Yes, I tested. The reason you got stuck is that you run this image with docker compose. Docker compose firing all the containers but didn't know where you want to get into which container. You can run docker exec -i <container-id> bash to get into the container. What I usually run is by for with-services container is by docker run --rm -it aiidateam/aiida-core-with-services:latest bash. The bash is the entry point of the container.

sphuber commented 3 weeks ago

The reason you got stuck is that you run this image with docker compose. Docker compose firing all the containers but didn't know where you want to get into which container.

Huh, but the aiida-core-with-services.yml only defines the aiida container as the services are integrated.

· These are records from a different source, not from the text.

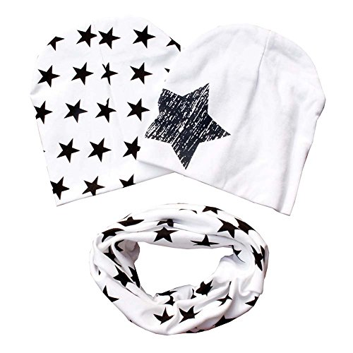 Ochine ベビー キッズ 子供 星柄帽子二枚+星柄マフラー コットン 三点セット 超可愛い 男女兼用 保温防寒 撮影用にも 出産祝い 贈り物 フリーサイズ 7色選択
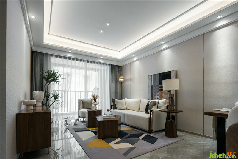 B戶型作為剛需戶型,既滿足一家三口的居住空間,有需要滿足長(zhǎng)輩的共住需求?,F(xiàn)代溫馨的設(shè)計(jì)風(fēng)格會(huì)有一種“家”的感覺(jué)。樣板房設(shè)計(jì)
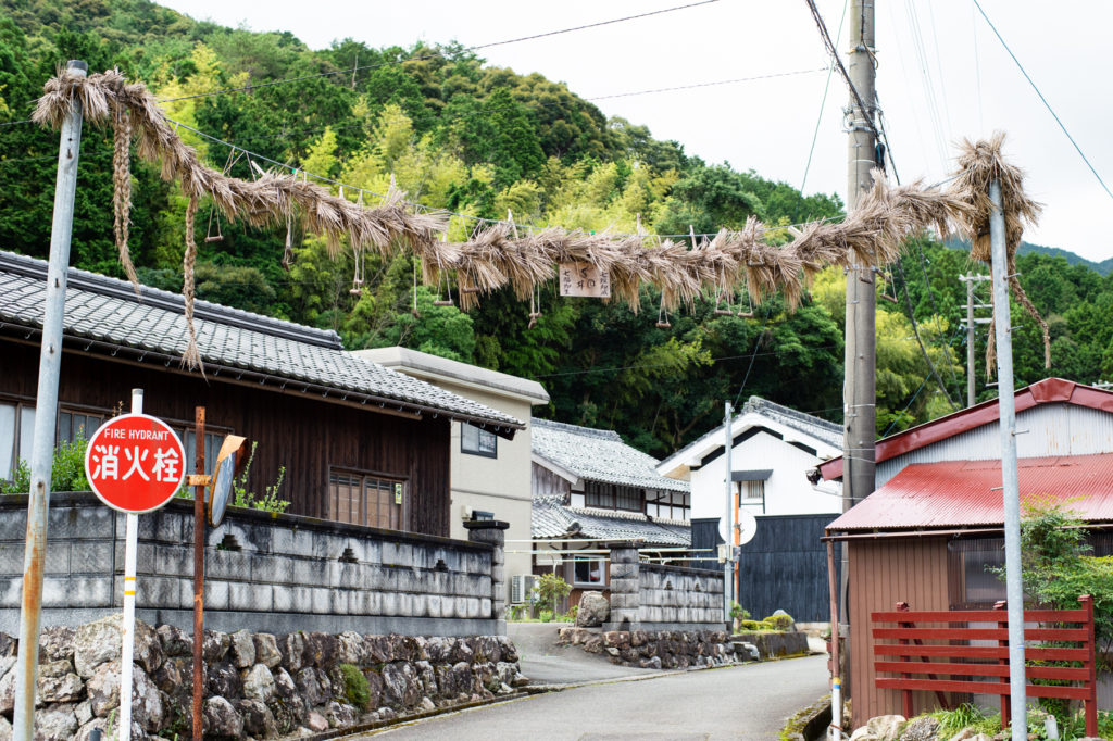 大下さんの作った掲示板をよく見ると、木材やアクリルの角が丸く整えられていたり、掲示板の高さをねじ込みで調整できるようになっていたり、所々に使い手のことを考えたアイデアと思いやりがうかがえる。さすが寝る間を惜しんで考えられた製品だ。「自宅にも手作りしたものがたくさんあるよ。ちょっと見ていく?」お言葉に甘え、大下さんの作品を見せてもらいに、お宅へ向かった。その道すがら、地区の入り口となる通りにしめ縄のようなものが吊るされていた。「それは、六日講の飾り」大下さんは自宅の庭から教えてくれた。六日講とは一年の豊作を祈る地区の風習。よく見ると、ただのしめ縄ではなく所々に短い木がぶら下がり、何かを形作ったような飾りがある。

So why would it try to launch multiple containers as you say?

For what it is worth, I tried running:

docker run --rm -it aiidateam/aiida-core-with-services:latest bash

but it seems to get stuck with a problem in RabbitMQ at the same point

  Starting broker...Error:
RabbitMQ on node rabbit@localhost is not running or has not fully booted yet (check with is_booting)
ok

initdb: warning: enabling "trust" authentication for local connections
initdb: hint: You can change this by editing pg_hba.conf or using the option -A, or --auth-local and --auth-host, the next time you run initdb.

Success. You can now start the database server using:

    pg_ctl -D /home/aiida/.postgresql -l logfile start

s6-rc: info: service postgresql-init successfully started
s6-rc: info: service postgresql: starting
waiting for server to start.... done
server started
s6-rc: info: service postgresql successfully started
s6-rc: info: service postgresql-prepare successfully started
 completed with 0 plugins.
unkcpz commented 3 weeks ago

That is weird, it is all fine in my computer, can you try to docker exec into the stuck container and run rabbitmq-diagnostics check_running from another shell?

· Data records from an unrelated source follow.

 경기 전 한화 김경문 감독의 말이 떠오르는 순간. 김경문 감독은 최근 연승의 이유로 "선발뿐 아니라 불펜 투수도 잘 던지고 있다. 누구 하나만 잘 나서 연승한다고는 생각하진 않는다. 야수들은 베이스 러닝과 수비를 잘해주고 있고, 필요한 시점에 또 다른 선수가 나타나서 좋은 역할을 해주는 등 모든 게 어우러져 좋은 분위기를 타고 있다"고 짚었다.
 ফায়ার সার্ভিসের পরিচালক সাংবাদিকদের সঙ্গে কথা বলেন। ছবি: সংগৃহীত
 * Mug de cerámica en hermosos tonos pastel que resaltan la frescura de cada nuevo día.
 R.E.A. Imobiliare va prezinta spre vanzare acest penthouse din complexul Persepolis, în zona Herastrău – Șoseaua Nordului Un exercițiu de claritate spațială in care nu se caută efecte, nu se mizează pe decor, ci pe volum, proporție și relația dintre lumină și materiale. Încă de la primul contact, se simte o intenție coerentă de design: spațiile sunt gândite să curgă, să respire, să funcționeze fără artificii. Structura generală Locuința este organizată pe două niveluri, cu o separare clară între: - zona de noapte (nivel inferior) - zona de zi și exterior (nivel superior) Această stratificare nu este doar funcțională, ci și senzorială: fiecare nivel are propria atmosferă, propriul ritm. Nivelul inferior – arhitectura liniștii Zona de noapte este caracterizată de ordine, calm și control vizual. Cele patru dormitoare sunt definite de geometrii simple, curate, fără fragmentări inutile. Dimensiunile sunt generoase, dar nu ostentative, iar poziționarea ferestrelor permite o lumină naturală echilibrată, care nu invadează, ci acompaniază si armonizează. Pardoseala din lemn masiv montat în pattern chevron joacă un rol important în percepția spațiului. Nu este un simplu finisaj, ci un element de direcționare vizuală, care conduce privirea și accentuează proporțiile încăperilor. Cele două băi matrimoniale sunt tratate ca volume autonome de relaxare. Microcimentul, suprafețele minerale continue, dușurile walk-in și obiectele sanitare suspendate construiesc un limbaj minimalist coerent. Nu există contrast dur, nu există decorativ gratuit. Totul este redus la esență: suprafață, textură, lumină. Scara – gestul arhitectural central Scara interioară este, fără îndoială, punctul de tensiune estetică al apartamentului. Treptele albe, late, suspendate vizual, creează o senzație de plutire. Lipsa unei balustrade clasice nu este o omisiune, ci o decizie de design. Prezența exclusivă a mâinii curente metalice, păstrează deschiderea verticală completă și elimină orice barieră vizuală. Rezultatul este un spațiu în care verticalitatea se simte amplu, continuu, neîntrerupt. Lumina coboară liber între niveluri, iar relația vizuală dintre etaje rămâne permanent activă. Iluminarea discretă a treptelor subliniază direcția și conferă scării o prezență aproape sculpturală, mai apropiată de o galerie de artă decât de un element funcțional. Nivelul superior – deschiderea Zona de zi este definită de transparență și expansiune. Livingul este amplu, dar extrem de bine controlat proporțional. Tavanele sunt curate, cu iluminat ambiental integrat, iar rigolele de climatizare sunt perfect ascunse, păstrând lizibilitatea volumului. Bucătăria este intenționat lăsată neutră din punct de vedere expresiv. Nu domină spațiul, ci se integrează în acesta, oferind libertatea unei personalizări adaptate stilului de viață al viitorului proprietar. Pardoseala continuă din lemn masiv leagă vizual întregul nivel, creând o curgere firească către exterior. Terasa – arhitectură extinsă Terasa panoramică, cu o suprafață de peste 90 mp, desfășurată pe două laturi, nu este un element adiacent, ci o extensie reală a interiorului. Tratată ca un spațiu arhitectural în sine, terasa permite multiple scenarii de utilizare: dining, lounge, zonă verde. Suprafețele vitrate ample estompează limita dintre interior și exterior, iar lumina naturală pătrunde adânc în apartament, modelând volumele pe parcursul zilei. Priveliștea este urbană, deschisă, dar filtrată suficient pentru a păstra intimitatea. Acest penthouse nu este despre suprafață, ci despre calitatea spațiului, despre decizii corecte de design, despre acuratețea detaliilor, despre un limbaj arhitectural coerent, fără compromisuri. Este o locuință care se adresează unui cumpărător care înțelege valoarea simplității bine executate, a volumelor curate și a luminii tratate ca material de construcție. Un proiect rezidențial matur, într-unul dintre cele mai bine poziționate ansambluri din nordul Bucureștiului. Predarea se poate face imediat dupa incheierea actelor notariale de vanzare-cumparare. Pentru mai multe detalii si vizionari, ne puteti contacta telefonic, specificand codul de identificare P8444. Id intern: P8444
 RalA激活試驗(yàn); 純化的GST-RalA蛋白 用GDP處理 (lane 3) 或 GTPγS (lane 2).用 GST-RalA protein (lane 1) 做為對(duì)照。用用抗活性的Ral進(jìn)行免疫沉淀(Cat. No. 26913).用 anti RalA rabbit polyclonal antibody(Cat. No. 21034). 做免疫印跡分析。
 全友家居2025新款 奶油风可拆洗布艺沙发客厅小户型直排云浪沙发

sphuber commented 2 weeks ago

That is weird, it is all fine in my computer, can you try to docker exec into the stuck container and run rabbitmq-diagnostics check_running from another shell?

That actually seems to work:

(base) aiida@ecd0bdcd1a87:~$ rabbitmq-diagnostics check_running
Checking if RabbitMQ is running on node rabbit@localhost ...
RabbitMQ on node rabbit@localhost is fully booted and running
(base) aiida@ecd0bdcd1a87:~$ rabbitmq-diagnostics is_running
Asking node rabbit@localhost for its status ...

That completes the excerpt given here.